Viv
People love riddles, the incomplete and the inexplicable are tremendously compelling. I am The Mysterious Lady. The Sawn-in-half Lady, where the past is what has been sawn off.
Narrator
That is no longer the case. The past has been glued back on.
Almost two years ago, I left my job. After 35 years in the IT industry, I wanted to see if I could make a business out of a combination of two long term hobbies: nature and photography. So, it will come as no surprise when I say that I was keen to read this book given that it is a fictionalised account of the life of Vivian Maier.
Maier is, today, a well-known photographer, but in her lifetime no one but those immediately involved in her life knew about her image making. She was prolific, leaving a vast body of work (over 100,000 images). But the significance of her work was not realised until after she had died and, by this time, the huge collection of pictures had been broken up and sold in auction to pay the missed rental payments she owed for the storage facility where she kept the images. Sadly, the storage facility also held uncashed cheques the value of which would comfortably have paid off the rental debts.

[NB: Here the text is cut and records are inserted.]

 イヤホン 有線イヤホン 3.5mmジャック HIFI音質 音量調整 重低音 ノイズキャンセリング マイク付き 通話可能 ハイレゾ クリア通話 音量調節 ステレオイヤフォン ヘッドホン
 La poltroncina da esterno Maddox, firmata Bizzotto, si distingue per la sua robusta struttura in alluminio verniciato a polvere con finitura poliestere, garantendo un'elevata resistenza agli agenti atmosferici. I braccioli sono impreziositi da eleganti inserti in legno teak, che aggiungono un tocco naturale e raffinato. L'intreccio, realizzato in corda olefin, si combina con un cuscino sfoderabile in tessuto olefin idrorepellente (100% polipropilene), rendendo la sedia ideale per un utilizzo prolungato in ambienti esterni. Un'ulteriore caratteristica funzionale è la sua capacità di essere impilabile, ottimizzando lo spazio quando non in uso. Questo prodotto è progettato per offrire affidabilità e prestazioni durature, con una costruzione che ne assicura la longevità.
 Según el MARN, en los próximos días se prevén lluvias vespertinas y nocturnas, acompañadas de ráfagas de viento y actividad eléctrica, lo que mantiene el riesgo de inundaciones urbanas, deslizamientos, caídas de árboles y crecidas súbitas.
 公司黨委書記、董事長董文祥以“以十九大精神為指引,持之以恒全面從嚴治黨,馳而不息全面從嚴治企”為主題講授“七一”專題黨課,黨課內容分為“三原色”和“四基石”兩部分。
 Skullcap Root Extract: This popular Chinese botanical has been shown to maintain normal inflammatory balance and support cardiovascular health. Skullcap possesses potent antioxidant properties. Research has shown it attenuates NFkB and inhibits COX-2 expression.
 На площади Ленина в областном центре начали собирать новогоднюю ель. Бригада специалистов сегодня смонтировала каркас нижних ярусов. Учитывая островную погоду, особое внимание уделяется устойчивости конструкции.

This is not a conventional biography, though. The account of Maier’s life is related in a fragmentary fashion told by multiple narrators, including one called “Narrator”. Others we hear from include Vivian Maier herself, her mother (Maria) and one of her employers (she worked as a nanny and we hear from Sarah and Peter Rice and from their daughter Ellen whom Maier looked after). The Rice family are a fictional composite of various families for whom Maier worked. We also hear from Jeanne Bertrand, a portrait photographer with whom Maria and Vivian (and presumably influenced Vivan’s desire to take photographs). There are one or two other contributors.

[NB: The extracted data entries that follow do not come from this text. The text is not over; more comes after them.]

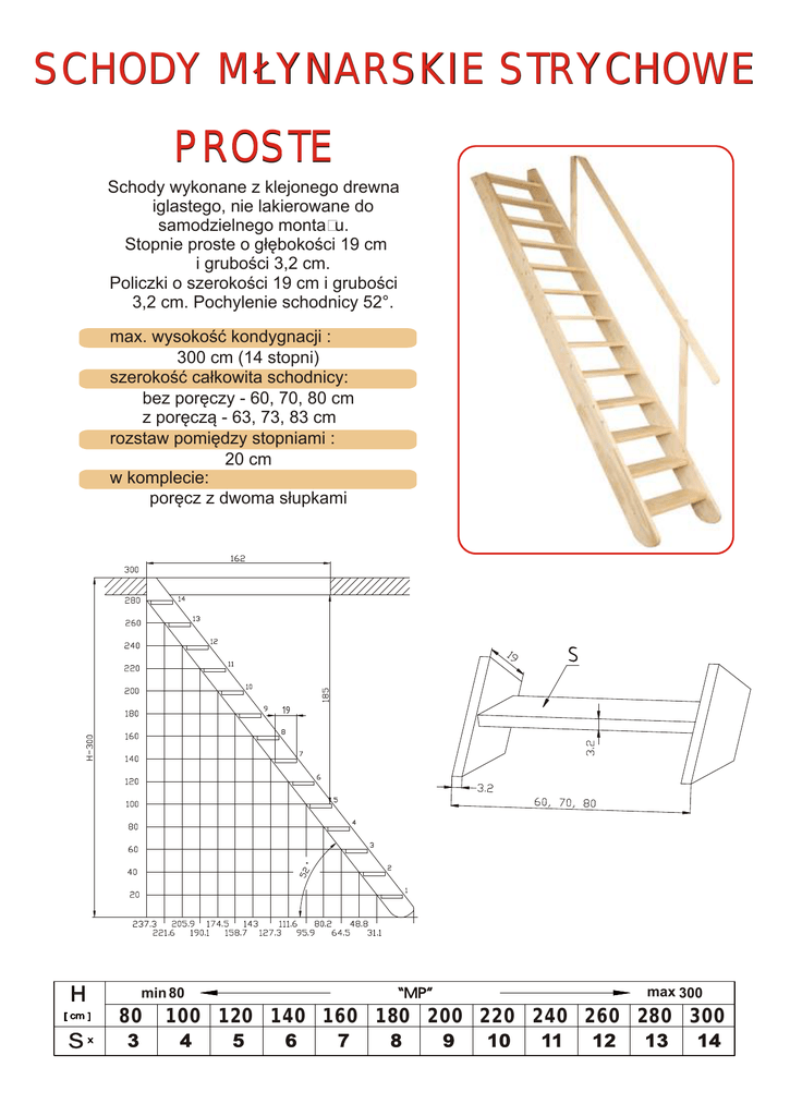 SCHODY MŁYNARSKIE STRYCHOWE PROSTE Schody wykonane z klejonego drewna iglastego, nie lakierowane do samodzielnego montażu. Stopnie proste o głębokości 19 cm i grubości 3,2 cm. Policzki o szerokości 19 cm i grubości 3,2 cm. Pochylenie schodnicy 52°. max. wysokość kondygnacji : 300 cm (14 stopni) szerokość całkowita schodnicy: bez poręczy - 60, 70, 80 cm z poręczą - 63, 73, 83 cm rozstaw pomiędzy stopniami : 20 cm w komplecie: poręcz z dwoma słupkami min 80 80 max 300 100 120 140 160 180 200 220 240 260 280 300
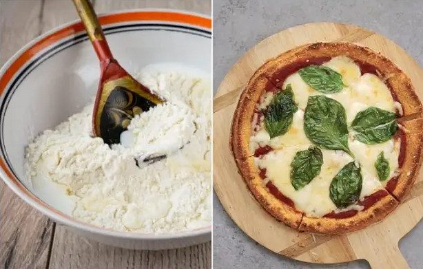 В список ингредиентов входит стакан муки, смешанный с 1,5 чайной ложкой разрыхлителя, 200 мл греческого йогурта, соль, перец и другие специи по желанию. Процесс приготовления очень легкий: в миску необходимо высыпать просеянную муку, добавить йогурт, соль и специи. Перемешайте ингредиенты, а затем перенесите тесто на кухонную столешницу, предварительно посыпанную мукой. Чтобы тесто хорошо держало форму, было упругим и красивым, его необходимо вымешивать около 5-8 минут. По истечении времени раскатайте его в лепешку среднего размера толщиной примерно 3 мм. На эту основу выложите начинку и отправьте в духовку, разогретую до 220 градусов. Если боитесь, что во время переноса теста на противень оно деформируется, раскатывайте сразу на подносе.
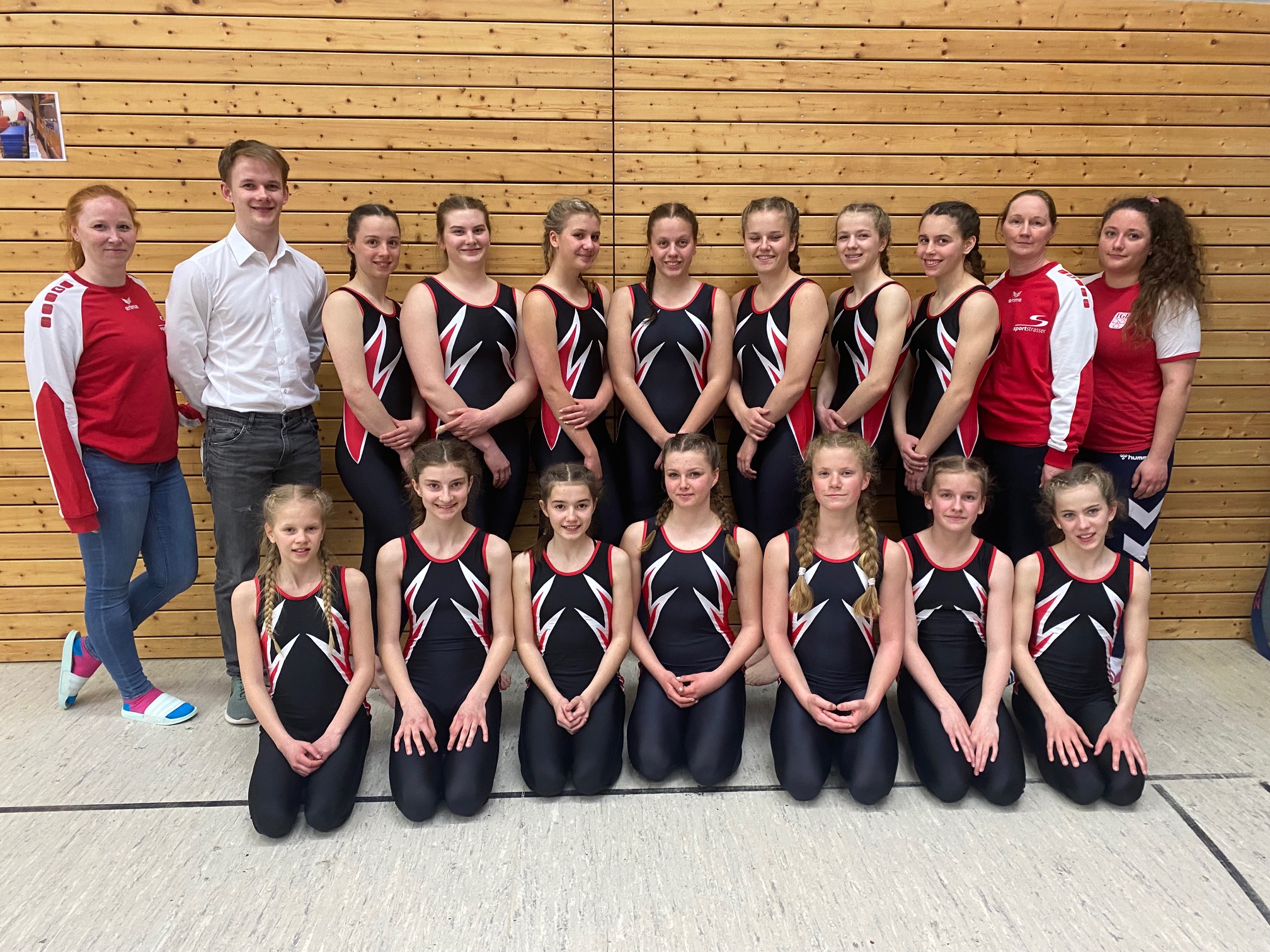 Bereits am Vormittag startete eine neu formierte Nachwuchsmannschaft in der Altersklasse 10-13 Jahren. Das Team mit Johanna Schreiner, Leonie Els, Lena Sternecker, Luise Galler und Lilli Ringert zeigten bei der Bodenchoreografie, auf der Tumblingbahn und am Minitrampolin durchwegs hervorragende Leistungen und holten sich am Ende völlig überraschend den Meistertitel im Schwäbischen Turnerbund!
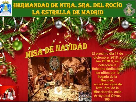 La Hermandad de La Estrella celebra su Misa de Navidad el 17 de diciembre de 2016
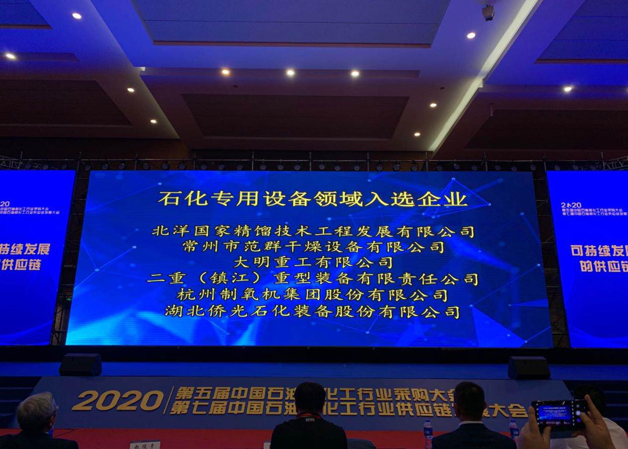 據(jù)悉,本次大會以“可持續(xù)發(fā)展的供應(yīng)鏈”為主題,共持續(xù)3天,參會代表千余人,來自跨國公司、工程公司、典型石化企業(yè)、優(yōu)質(zhì)供應(yīng)商的代表及專家深入分析了中國石化行業(yè)供應(yīng)鏈的現(xiàn)狀和問題,提出了可持續(xù)發(fā)展的方法和路徑,強(qiáng)調(diào)通過供采雙方的協(xié)同發(fā)展實(shí)現(xiàn)合作共贏。會上還發(fā)布了“2020中國石化行業(yè)百佳供應(yīng)商”榜單。常州范群作為國內(nèi)干燥設(shè)備行業(yè)的供應(yīng)商,斬獲2020年石化機(jī)械類“中國石化行業(yè)百佳供應(yīng)商”的殊榮。
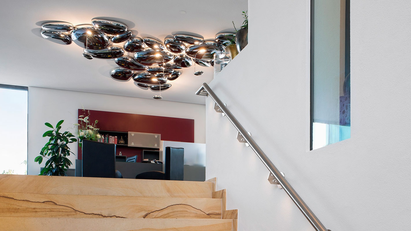 Sei corpi globulari in finitura metallizzata, riflettono la luce di una lampada – sia alogena che a Led – posizionata al di sotto di essi nella versione elettrificata o quella di un proiettore a parete completamente indipendente nella variante non elettrificata.
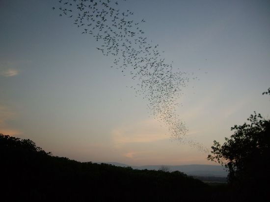 Das Highlight des ersten Abends war der Flug der Fledermaeuse bei Sonnenuntergang. Waaaaaahnsinn - bestimmt ne halbe Stunde.

It is the narrator known as Narrator who promises the most interesting side to the book. My frustration when reading was that this interaction between Narrator and Vivian doesn’t seem to develop much until the very final pages of the novel and this feels a bit like an opportunity missed. As we have it, Narrator intervenes in the text a few times but primarily to explain and only towards the end does Narrator begin to interact with Vivian (as in the quote at the start of this).
As a photographer it was also slightly frustrating to see so little in the book about photography, although I appreciate that more of this may well have made the book rather dull for non-photographers. Some of the comments about photography were sufficiently insightful to leave me, a photographer, wishing there was more:
“To photograph is to focus, and to focus is to exclude”.
(Since I stopped working for a living and started taking photographs for several hours a day, I have learned that the secret of a good photograph is often knowing what to leave out rather than what to put in).
“I wonder if it has a certain soothing effect through the viewfinder to see framed squares of the world?”
Maier comes across as a person who often struggles in her human relationships. Perhaps the camera is a means of hiding away, building a barrier against the world. It is certainly true that I have had to train myself to wait, often for a long time, before switching on the camera when I am out taking pictures. Holding the camera up to your eye certainly changes your engagement with the environment and I find it better to engage for a while before taking pictures.
I enjoyed the fragmented structure of this book. Several books I have read recently have included photographs and this seems a book that cries out for that kind of treatment. The narrative often refers to specific images taken by Maier and I made many trips out into the World Wide Web looking those up. I guess the absence of the pictures here is due to cost issues, unless it is simply that the author did not see the value of including them. I think some of the passages of the book would be more powerful if they included the image that the author clearly has in mind whilst writing. There is the possibility that this omission is a deliberate choice by the author given that Maier herself never saw many of the images she photographed because she didn’t have the films developed.
Overall, this was an interesting book to read with an enjoyable structure. 3.5 stars, rounded down for now.